Chile’s economy has been struggling for a third consecutive month, with the Imacec index indicating a 0.4% decline in May compared to April and only a 1.1% increase from the previous year. The central bank recently lowered borrowing costs by a quarter-point to 5.75%, marking the smallest cut since the easing cycle began in July of last year, but this hasn’t been enough to spur growth as expected.

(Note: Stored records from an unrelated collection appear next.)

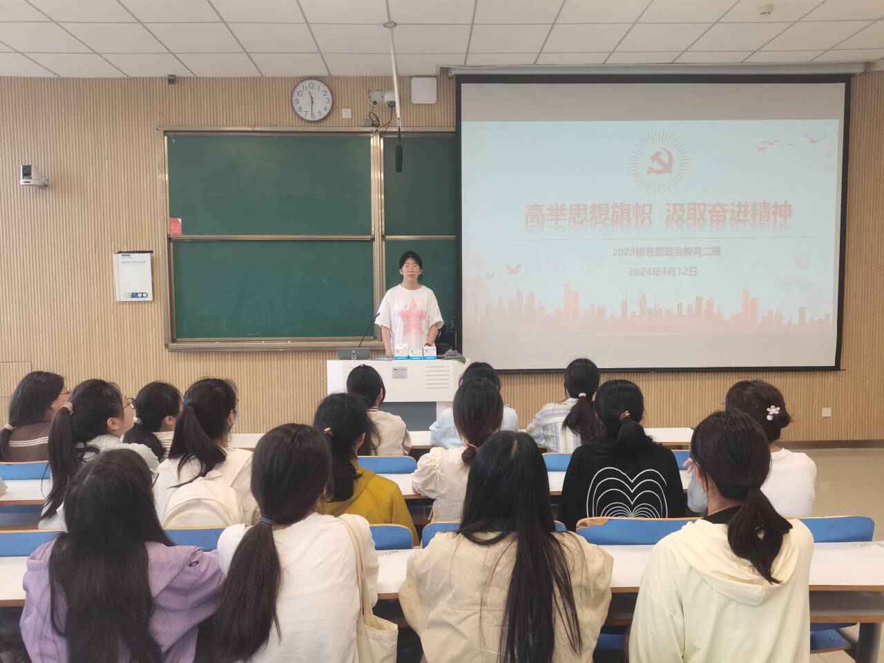 为更好发挥思想统一的基础性作用,提振广大团员和青年的信心与决心,4月12日上午,ok138cn太阳集团5292023级思想政治教育二班在社科楼515教室召开“高举思想旗帜,汲取奋进力量”主题团课。本次团课由团支书王慜初主持,全体二班同学参加。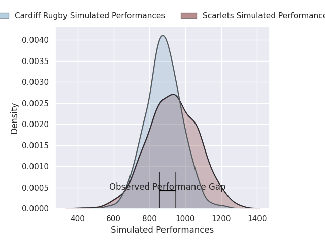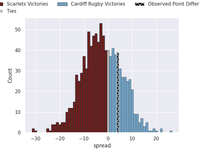 Now that the game has been played, lets see how the club predictions did. I predicted Scarlets to win by 3.01, and Cardiff Rugby won by 4.0. That’s an absolute error of 7.0 for the margin of victory, while my average absolute error has been 13.8 over the past six months. This prediction was more accurate than 64.1% of my recent predictions.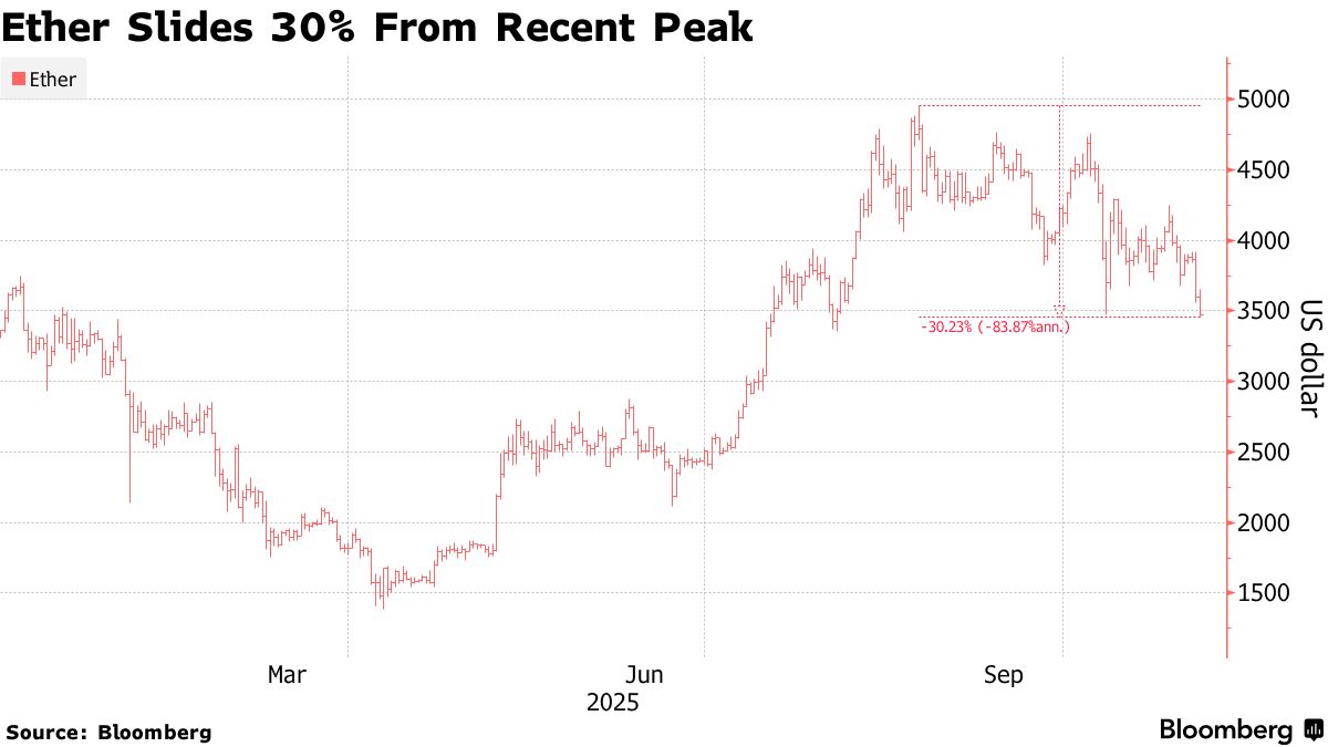 The world’s second-largest cryptocurrency dropped below $3,400 on Tuesday, sliding in tandem with market bellwether Bitcoin and tech stocks as Wall Street’s AI-fueled exuberance fades. The move has pushed Ether 30% below its August peak, returning prices to levels last seen before a wave of corporate buying and holding, further cementing the token’s entry into a bear market.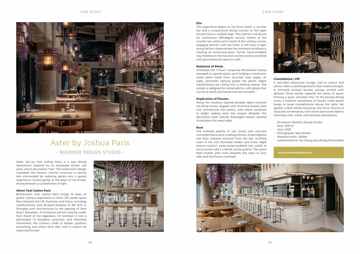Radiation of Petals Overhead, the“ crown” comprises 39 modular frames arranged in a gentle spiral, each holding a translucent violet petal made from recycled xuan paper. At night, perimeter lighting grazes the petals’ edges, transforming the ceiling into a drifting nebula. The system is designed for sustainability, with petals that can be re-dyed and frames that are reusable.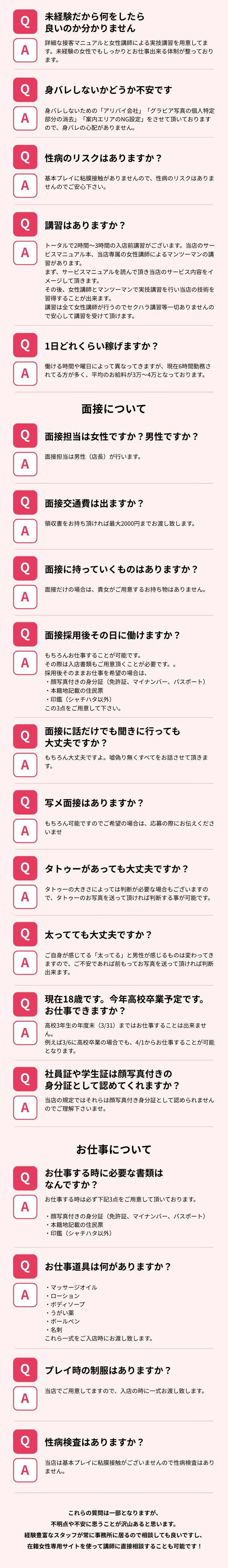 A | 性感エステのお店ですので、基本プレイ内容はソフトサービスのみです! ハンドフィニッシュまでですので、フェラなど病気になる可能性のあるサービスはありません。 |

Rising electricity prices have put additional strain on the economy, prompting policymakers to adopt a less dovish approach. Additionally, policymakers have responded to the economic slowdown by implementing interest-rate cuts totaling 550 basis points over the past year, which initially fueled a strong rebound in economic growth in the first few months of 2024. However, momentum has since slowed and inflation is now expected to remain above the target of 3% until the first half of 2026, later than originally anticipated based on the bank’s quarterly monetary policy report.
In May, economic activity excluding mining declined by 0.5% on a monthly basis and only increased by 0.2% from the previous year. The manufacturing and commerce sectors experienced the largest declines, with manufacturing down by 2.3% and commerce down by 0.4%. Despite some positive indicators such as increased copper output, industrial production and retail sales fell short of expectations in May. Manufacturing unexpectedly shrank even as the jobless rate surprisingly decreased. Overall, it seems that Chile’s economy is still facing challenges despite some efforts from policymakers to boost it back on track.